─── DATASET RECORDS

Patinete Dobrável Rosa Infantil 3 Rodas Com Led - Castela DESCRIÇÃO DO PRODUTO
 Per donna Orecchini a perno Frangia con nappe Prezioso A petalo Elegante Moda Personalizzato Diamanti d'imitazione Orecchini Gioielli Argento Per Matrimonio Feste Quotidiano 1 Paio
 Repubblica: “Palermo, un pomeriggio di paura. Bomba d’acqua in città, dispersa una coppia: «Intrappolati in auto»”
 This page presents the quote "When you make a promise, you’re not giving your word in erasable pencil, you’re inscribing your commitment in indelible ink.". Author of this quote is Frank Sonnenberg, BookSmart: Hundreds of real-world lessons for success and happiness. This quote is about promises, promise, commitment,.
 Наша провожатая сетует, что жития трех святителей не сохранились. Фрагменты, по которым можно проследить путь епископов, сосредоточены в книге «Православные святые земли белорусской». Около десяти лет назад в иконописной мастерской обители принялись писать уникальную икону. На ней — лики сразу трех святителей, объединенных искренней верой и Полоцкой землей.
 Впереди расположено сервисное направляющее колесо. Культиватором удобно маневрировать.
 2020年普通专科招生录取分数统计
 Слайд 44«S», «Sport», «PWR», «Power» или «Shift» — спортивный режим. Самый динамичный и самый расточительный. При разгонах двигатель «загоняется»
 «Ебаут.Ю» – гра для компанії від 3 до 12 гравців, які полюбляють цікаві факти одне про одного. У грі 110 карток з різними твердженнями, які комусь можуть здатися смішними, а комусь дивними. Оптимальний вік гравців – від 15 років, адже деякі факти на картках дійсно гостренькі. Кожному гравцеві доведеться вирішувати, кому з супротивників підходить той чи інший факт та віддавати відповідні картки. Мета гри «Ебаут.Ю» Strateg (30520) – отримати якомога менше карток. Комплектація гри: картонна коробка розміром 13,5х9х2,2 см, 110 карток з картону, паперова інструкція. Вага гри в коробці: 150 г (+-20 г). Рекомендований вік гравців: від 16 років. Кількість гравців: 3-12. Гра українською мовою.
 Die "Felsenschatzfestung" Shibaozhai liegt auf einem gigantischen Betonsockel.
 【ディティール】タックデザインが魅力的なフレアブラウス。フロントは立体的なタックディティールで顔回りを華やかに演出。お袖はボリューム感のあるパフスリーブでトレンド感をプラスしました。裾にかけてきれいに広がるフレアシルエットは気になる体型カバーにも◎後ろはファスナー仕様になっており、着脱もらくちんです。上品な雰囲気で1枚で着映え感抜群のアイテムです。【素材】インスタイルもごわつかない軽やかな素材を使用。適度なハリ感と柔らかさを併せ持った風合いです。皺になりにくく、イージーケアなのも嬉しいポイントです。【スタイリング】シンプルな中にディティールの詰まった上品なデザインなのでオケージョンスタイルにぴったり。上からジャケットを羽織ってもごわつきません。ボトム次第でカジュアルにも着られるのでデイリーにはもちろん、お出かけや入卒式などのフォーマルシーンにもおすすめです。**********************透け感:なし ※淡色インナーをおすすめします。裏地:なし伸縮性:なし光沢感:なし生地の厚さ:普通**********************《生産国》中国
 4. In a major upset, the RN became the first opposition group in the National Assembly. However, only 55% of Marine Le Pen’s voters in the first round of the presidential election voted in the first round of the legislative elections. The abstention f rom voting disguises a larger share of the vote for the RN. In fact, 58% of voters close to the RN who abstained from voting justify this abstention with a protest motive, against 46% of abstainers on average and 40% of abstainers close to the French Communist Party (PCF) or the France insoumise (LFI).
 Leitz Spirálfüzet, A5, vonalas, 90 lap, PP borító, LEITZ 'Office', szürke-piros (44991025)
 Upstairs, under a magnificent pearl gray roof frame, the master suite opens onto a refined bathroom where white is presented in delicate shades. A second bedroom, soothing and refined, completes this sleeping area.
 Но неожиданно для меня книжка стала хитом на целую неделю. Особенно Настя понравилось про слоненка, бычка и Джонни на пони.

──────

Exact transcription of the records is all that is wanted.

SOLUTION TO THE PROBLEM:
Patinete Dobrável Rosa Infantil 3 Rodas Com Led - Castela DESCRIÇÃO DO PRODUTO
 Per donna Orecchini a perno Frangia con nappe Prezioso A petalo Elegante Moda Personalizzato Diamanti d'imitazione Orecchini Gioielli Argento Per Matrimonio Feste Quotidiano 1 Paio
 Repubblica: “Palermo, un pomeriggio di paura. Bomba d’acqua in città, dispersa una coppia: «Intrappolati in auto»”
 This page presents the quote "When you make a promise, you’re not giving your word in erasable pencil, you’re inscribing your commitment in indelible ink.". Author of this quote is Frank Sonnenberg, BookSmart: Hundreds of real-world lessons for success and happiness. This quote is about promises, promise, commitment,.
 Наша провожатая сетует, что жития трех святителей не сохранились. Фрагменты, по которым можно проследить путь епископов, сосредоточены в книге «Православные святые земли белорусской». Около десяти лет назад в иконописной мастерской обители принялись писать уникальную икону. На ней — лики сразу трех святителей, объединенных искренней верой и Полоцкой землей.
 Впереди расположено сервисное направляющее колесо. Культиватором удобно маневрировать.
 2020年普通专科招生录取分数统计
 Слайд 44«S», «Sport», «PWR», «Power» или «Shift» — спортивный режим. Самый динамичный и самый расточительный. При разгонах двигатель «загоняется»
 «Ебаут.Ю» – гра для компанії від 3 до 12 гравців, які полюбляють цікаві факти одне про одного. У грі 110 карток з різними твердженнями, які комусь можуть здатися смішними, а комусь дивними. Оптимальний вік гравців – від 15 років, адже деякі факти на картках дійсно гостренькі. Кожному гравцеві доведеться вирішувати, кому з супротивників підходить той чи інший факт та віддавати відповідні картки. Мета гри «Ебаут.Ю» Strateg (30520) – отримати якомога менше карток. Комплектація гри: картонна коробка розміром 13,5х9х2,2 см, 110 карток з картону, паперова інструкція. Вага гри в коробці: 150 г (+-20 г). Рекомендований вік гравців: від 16 років. Кількість гравців: 3-12. Гра українською мовою.
 Die "Felsenschatzfestung" Shibaozhai liegt auf einem gigantischen Betonsockel.
 【ディティール】タックデザインが魅力的なフレアブラウス。フロントは立体的なタックディティールで顔回りを華やかに演出。お袖はボリューム感のあるパフスリーブでトレンド感をプラスしました。裾にかけてきれいに広がるフレアシルエットは気になる体型カバーにも◎後ろはファスナー仕様になっており、着脱もらくちんです。上品な雰囲気で1枚で着映え感抜群のアイテムです。【素材】インスタイルもごわつかない軽やかな素材を使用。適度なハリ感と柔らかさを併せ持った風合いです。皺になりにくく、イージーケアなのも嬉しいポイントです。【スタイリング】シンプルな中にディティールの詰まった上品なデザインなのでオケージョンスタイルにぴったり。上からジャケットを羽織ってもごわつきません。ボトム次第でカジュアルにも着られるのでデイリーにはもちろん、お出かけや入卒式などのフォーマルシーンにもおすすめです。**********************透け感:なし ※淡色インナーをおすすめします。裏地:なし伸縮性:なし光沢感:なし生地の厚さ:普通**********************《生産国》中国
 4. In a major upset, the RN became the first opposition group in the National Assembly. However, only 55% of Marine Le Pen’s voters in the first round of the presidential election voted in the first round of the legislative elections. The abstention f rom voting disguises a larger share of the vote for the RN. In fact, 58% of voters close to the RN who abstained from voting justify this abstention with a protest motive, against 46% of abstainers on average and 40% of abstainers close to the French Communist Party (PCF) or the France insoumise (LFI).
 Leitz Spirálfüzet, A5, vonalas, 90 lap, PP borító, LEITZ 'Office', szürke-piros (44991025)
 Upstairs, under a magnificent pearl gray roof frame, the master suite opens onto a refined bathroom where white is presented in delicate shades. A second bedroom, soothing and refined, completes this sleeping area.
 Но неожиданно для меня книжка стала хитом на целую неделю. Особенно Настя понравилось про слоненка, бычка и Джонни на пони.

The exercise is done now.